The follow-up to Under the Big Black Sun avoids the sophomore slump by digging deeper into the history of L.A. punk
- More Fun in the New World: The Unmaking and Legacy of LA Punk, John Doe & Tom Desavia
- June 4 2019, Penguin Random House
One of the most surprising things about More Fun in the New World: The Unmaking and Legacy of L.A. Punk is its inclusion of such diverse narrators as Louie Pérez, of the Chicano rock band Los Lobos. However, as the drummer writes in one chapter of the book, “Los Lobos were not the first band to cross the L.A. River to mix it up with the punk rockers and swift-haired New Wavers.”
An oral history comprised of recollections from a broad cast of characters, More Fun in the New World was compiled by John Doe of the band X and his collaborator Tom DeSavia, a music business veteran. It’s a haphazard chronicle of the Los Angeles punk movement during the years 1982-1987. Chronologically speaking, the mid-eighties are the logical sequel to Under the Big Black Sun, the 2016 book that covered the scene’s formative period, from 1977-1982. These six years are also the perfect window from which to watch the scene’s influence play out as it diverges into various iterations, ranging from the aggressive sub-styles now associated with the genre—like hardcore and crossover thrash—to mellower, roots-based offshoots like rockabilly and cowpunk.
Effectively a sequel, More Fun in the New World rides the coattails of Under the Big Black Sun, following the Grammy-nominated first book’s formula to a tee: lyrics and conversations are slipped in between long-winded narratives (read by the authors themselves in the audiobook version). Even the title is based on another X album, this time from 1983. Narrators such as Social D’s Mike Ness and members of Fishbone add a little fresh blood to a cast of returning contributors that includes Black Flag’s Henry Rollins, The Blasters’ Dave Alvin, Jack Grisham of TSOL, and Jane Weidlin and Charlotte Caffey of the all-women new wave group The Go-Go’s, which also had roots in the scene. X’s Doe and his bandmate (and then-partner) Exene Cervenka—often thought of as the godparents of L.A. punk—preside on the book’s cover. But More Fun in the New World is less concerned with that epoch than with what came after it.
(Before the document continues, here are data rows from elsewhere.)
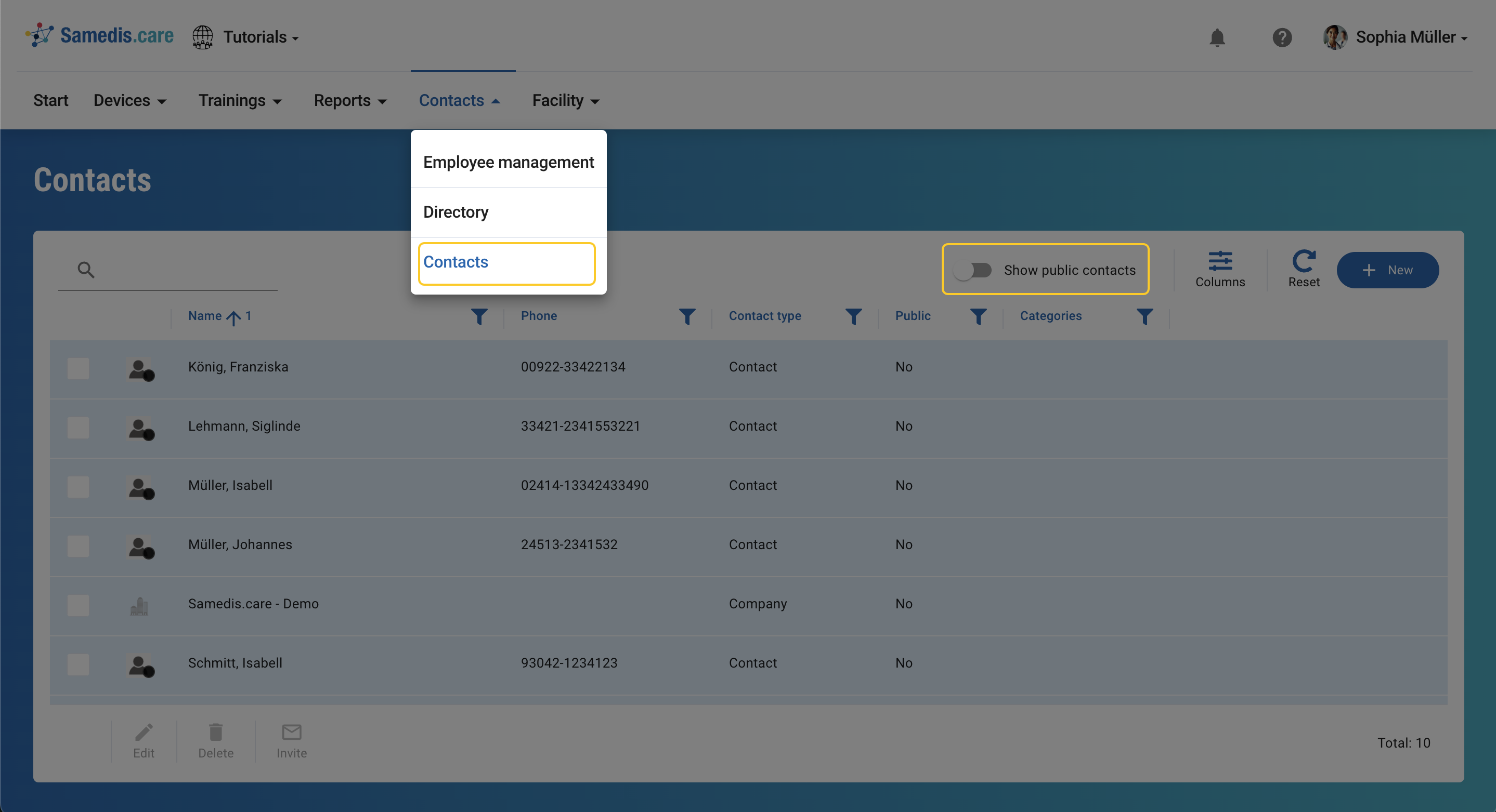 You have the option of inviting contacts to work within your Samedis.care facility. In this way, you can assign tasks or requests directly to them so that they can react immediately or provide support.
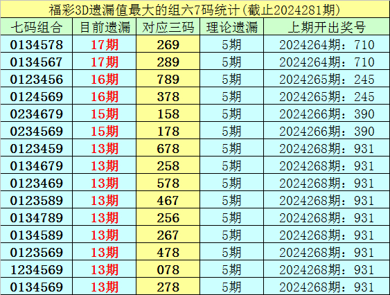 1.截止第24281期,七码组六遗漏最大的是:0134578、0134567,当前遗漏17期。
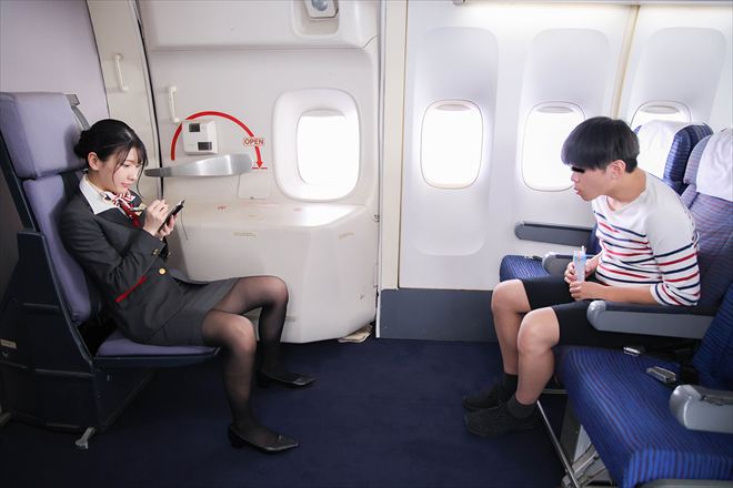 うぶな男の子に冗談半分の挑発パンチラしたら超暴走! 仕方なく射精させてあげても勃起は治まらず追いかけられて機内の死角でハメられまくる美人CA

In a nod to the second-string players and fans who helped shape the movement just as much as the A-listers, More Fun in the New World features figures who were less prominent. For example, Pleasant Gehman—writer, singer of the Screamin’ Sirens, and general scenester—narrates a chapter focused on the diaspora of punk veterans to alt-country, starting with the women who felt unsafe in the increasingly violent and misogynistic ethos of the pre-riot grrrl era.
In other chapters, we hear how the music and aesthetic of L.A. punk informed the careers of nonmusicians like pro-skater Tony Hawk and Shepard Fairey, the artist now known for his Obey Giant and Obama “Hope” designs. They both write about the connection to the skate scene—punk’s “partner in visceral rebellion,” writes Fairey. He goes on to discuss how the rough-hewn DIY vibe informed his artistic sensibilities and galvanized his desire to create at any cost. “Feeling,” Fairey says, can be “more important than virtuosity.”
It’s a sentiment that rings true throughout the book. More Fun in the New World is tangential and self-aggrandizing. It feels largely unedited and unsubstantiated. These are tales to be taken with a grain of salt—especially considering the rampant substance abuse that gripped the L.A. music community and inevitably influenced many of the memories presented here. However, that’s exactly why you should read a book like this: to hear what happened, in all its unrefined glory.